Stephanie Leotsakos is a Colombian-Greek-American opera composer/librettist, conductor, soprano, violinist, educator, and inventor whose work bridges storytelling, technology, and community. Her original multimedia operas OMG and Young Goodman Brown have been performed in new opera festivals and on concert stages nationally and internationally. A recipient of the National Opera Association’s 2024 Dominick Argento Fellowship for Opera Composition, she is pursuing a PhD in composition at Rutgers University, researching immersive sonic and sensory design in opera. She is also founder of GnotesbyStephanie™, LLC, which develops multimodal music education resources for neurodiverse learners.

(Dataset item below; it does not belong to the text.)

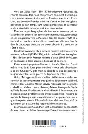 Voici par Golda Meir (1898-1978) l'emouvant recit de sa vie. Pour la premiere fois, nous comprenons comment il se fait que cette femme extraordinaire, nee en Russie et elevee aux Etats-Unis, est devenue Premier ministre d'Israel et l'un des geants politiques de son temps, sans jamais perdre rien de la chaleur ni de la simplicite qu'on se plait a lui reconnaitre. Dans cette autobiographie, elle evoque les terreurs qui ont assombri son enfance, son adolescence tumultueuse, son mariage et son emigration vers la Palestine dans les annees 1920, et la facon dont, sioniste et socialiste convaincue, elle s'est lancee dans la fantastique aventure qui devait aboutir a la creation de l'Etat d'Israel. Elle decrit comment elle a mene sa carriere politique comme ministre du Travail (1949-1956), ministre des Affaires etrangeres (1956-1966) et enfin Premier ministre d'Israel (1969-1974), tout en continuant a tenir son role d'epouse et de mere. Cette autobiographie reflete aussi, bien sur, l'histoire d'Israel meme - et de sa lutte pour survivre - tout cela aboutissant a ce qui fut, pour Golda Meir, la periode la plus desesperee: les jours terribles de la guerre du Kippour de 1973. Golda Meir apporte d'innombrables revelations, non seulement sur ceux de ses compatriotes avec qui elle a etroitement collabore, comme Ben Gourion, Moshe Dayan, mais aussi sur les grands chefs d'Etat qu'elle a connus: Kennedy, Nixon, Kissinger, de Gaulle et Willy Brandt. Proclamant le droit d'Israel a l'existence, elle n'esquive aucun probleme: elle evoque aussi bien l'histoire du mandat britannique que les relations avec les pays arabes ou la question palestinienne. Elle parle droit et clair avec l'autorite de quelqu'un qui a assume les responsabilites majeures. Les memoires de Golda Meir sont aussi vibrants de sensibilite, de franchise et de chaleur humaine que l'a ete toute son existence.
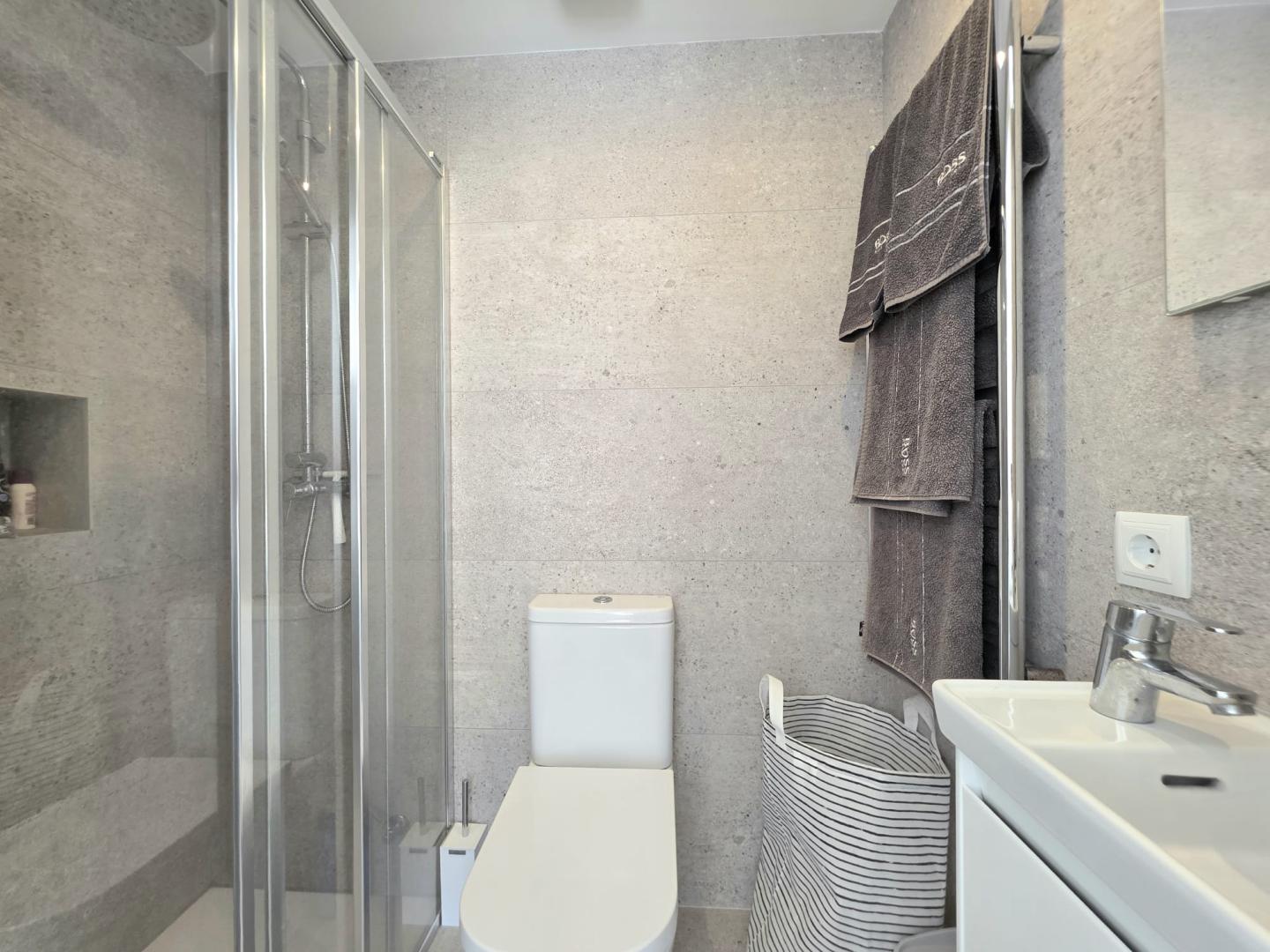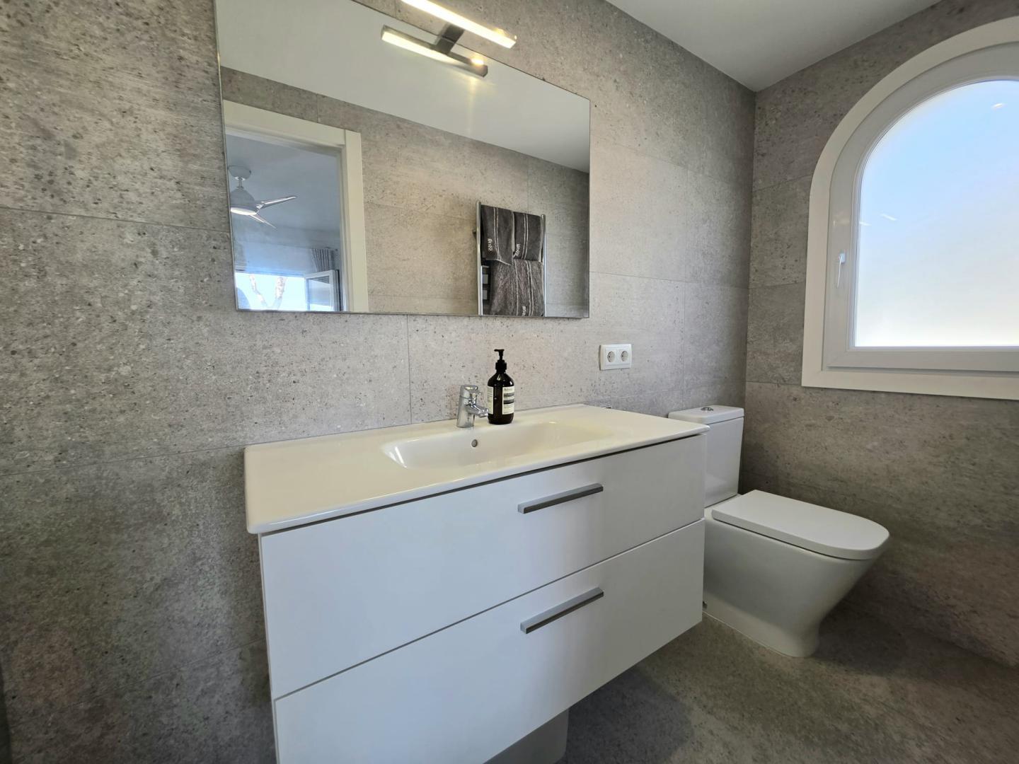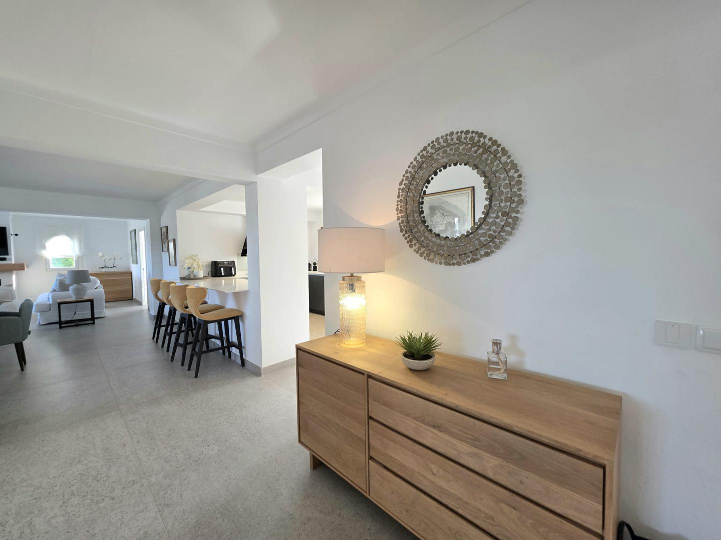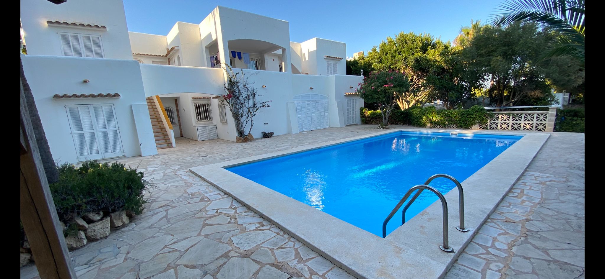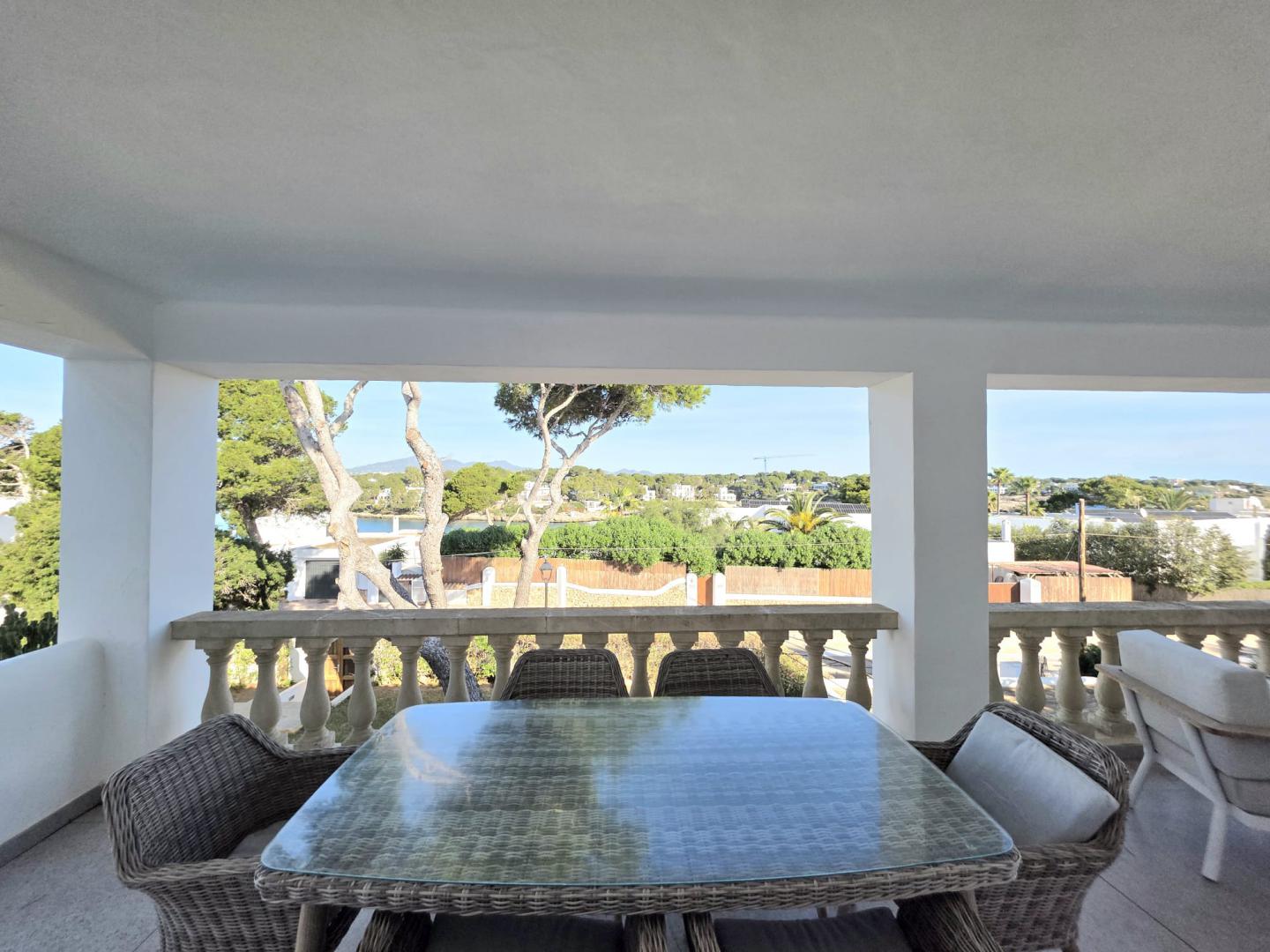 THIS AMAZING AND UNIQUE PROPERTY IS IDEALLY POSITIONED ON THE SECOND LINE IN THE HIGHLY SOUGHT-AFTER AREA OF ES FORTI. SITUATED ON THE FIRST AND TOP FLOOR OF AN EXCLUSIVE BUILDING COMPRISING ONLY THREE RESIDENCES, THIS REMARKABLE APARTMENT OFFERS AN EXTRAORDINARY LEVEL OF PRIVACY, TRANQUILITY, AND PRESTIGE IN ONE OF THE MOST DESIRABLE ENCLAVES OF SOUTHEAST MALLORCA. THE PROPERTY BOASTS AN IMPRESSIVE INTERIOR LIVING SPACE OF 176 M², BEAUTIFULLY COMPLEMENTED BY A 27.30 M² FRONT PORCH, A 12 M² REAR PORCH, AND APPROXIMATELY 65 M² OF OPEN AND COVERED TERRACES DESIGNED TO EMBRACE THE MEDITERRANEAN LIFESTYLE THROUGHOUT THE YEAR. AN EXCLUSIVE PRIVATE ROOFTOP TERRACE ENHANCES THE SENSE OF SECLUSION AND LUXURY, WHILE A SPACIOUS 35 M² PRIVATE GARAGE ADDS BOTH CONVENIENCE AND VALUE. THE WELL-MAINTAINED COMMUNITY FEATURES A LARGE SWIMMING POOL SURROUNDED BY LANDSCAPED GARDENS AND A FABULOUS BARBECUE AREA, CREATING AN IDYLLIC SETTING FOR RELAXATION AND ENTERTAINING. COMPLETELY REFURBISHED TO THE HIGHEST STANDARDS, THE APARTMENT SHOWCASES REFINED TASTE, PREMIUM MATERIALS, AND FLAWLESS ATTENTION TO DETAIL. IT OFFERS FOUR GENEROUSLY PROPORTIONED BEDROOMS, EACH WITH ITS OWN EN-SUITE BATHROOM, AS WELL AS A GUEST TOILET. THE MODERN OPEN-PLAN KITCHEN, FULLY EQUIPPED AND CENTERED AROUND A SOPHISTICATED BAR, FLOWS SEAMLESSLY INTO THE EXPANSIVE LIVING AND DINING AREA, WHERE A FIREPLACE ADDS WARMTH AND CHARACTER TO THE ELEGANT AMBIANCE. A SEPARATE LAUNDRY ROOM WITH PANTRY PROVIDES ADDITIONAL PRACTICALITY WITHOUT COMPROMISING THE AESTHETIC HARMONY OF THE HOME. EVERY ASPECT OF COMFORT HAS BEEN CAREFULLY CONSIDERED, INCLUDING AIR CONDITIONING THROUGHOUT OPERATED VIA WIFI AND HOT/COLD/DEHUMIDIFYING, DOUBLE-GLAZED WINDOWS, ALUMINUM SHUTTERS, AND ENTIRELY RENEWED PLUMBING AND ELECTRICAL SYSTEMS. THE THOUGHTFUL LAYOUT, ABUNDANT NATURAL LIGHT, AND EXQUISITE FINISHES CREATE A RESIDENCE THAT IS BOTH LUXURIOUS AND WELCOMING. FROM ITS TERRACES, THE PROPERTY ENJOYS SPECTACULAR OPEN VIEWS OF THE SEA AND THE MARINA OF CALA D’OR, WHERE THE SHIMMERING MEDITERRANEAN BECOMES PART OF EVERYDAY LIFE. THIS IS A TRULY OUTSTANDING HOME THAT PERFECTLY COMBINES ELEGANCE, EXCLUSIVITY, AND AN UNRIVALED COASTAL SETTING.

Emmy award winning composer, Jasmine Arielle Barnes, is a Baltimore native, Michigan based composer. As a “composer to watch” (Chicago Tribune) her music has been described as “refreshing..,engaging...,exciting” by San Francisco Classical Voice, "Beautifully lyrical" by The Telegraph (UK), and “the best possible blend of Billie Holiday and Claude Debussy” by Boston Globe. The twice over graduate from Morgan State University and current DMA student at University of Michigan-Ann Arbor is a recent recipient of Opera America’s Discovery Opera Grant for women composers among two other grants from Opera America for her new opera “She Who Dared” that premiered at Chicago Opera Theater in June 2025, commissioned by American Lyric Theater with Deborah D.E.E.P. Mouton, librettist. The opera received rave reviews from the Chicago Tribune, Chicago Sun-Times, Musical America, and many others remarking her score as “inventive and full of color” (Musical America) with noting “The composer is obviously quite comfortable in the form, skillfully weaving elements…” (Chicago Sun-Times). Barnes has been commissioned by numerous organizations such as NY Philharmonic , American Composers Forum, and Juilliard Pre College, San Francisco Symphony, Chicago Symphony Orchestra, Opera Theatre of Saint Louis, Carnegie Hall, National Orchestra Institute Festival, Washington National Opera and the Kennedy Center, Nashville Symphony Orchestra, Aspen Music Festival and School, Orpheus Chamber Orchestra, Apollo Chamber Players, and Baltimore Choral Arts, among others. Aside from commissions, Barnes’ work has been performed in prestigious halls and festivals around the world, including LA Opera, Metropolitan Opera Museum, BBC Proms, Wigmore Hall, Fresno Philharmonic Orchestra, Portland Opera, Tulsa Opera, Elbphilharmonie, The Kimmel Center, Dallas Opera, Concertgebouw, Abu Dhabi Festival, Arizona Opera, Ravinia Steans Music Institute, among many others. Barnes is featured on several recording projects including “Rising” by Lawrence Brownlee and Kevin J. Miller, “Show Me the Way” by Will Liverman and Jonathan King, “A Miracle in Legacy” by Joshua Conyers , “Amplify Vol.1” by Navona Records and All Classical Portland , “Dreamer” by Baltimore Choral Arts, and will be featured on an upcoming album titled “Gaïa” by Gautier Capuçon. Barnes looks forward to making more music and takes great pride in bringing art into the world.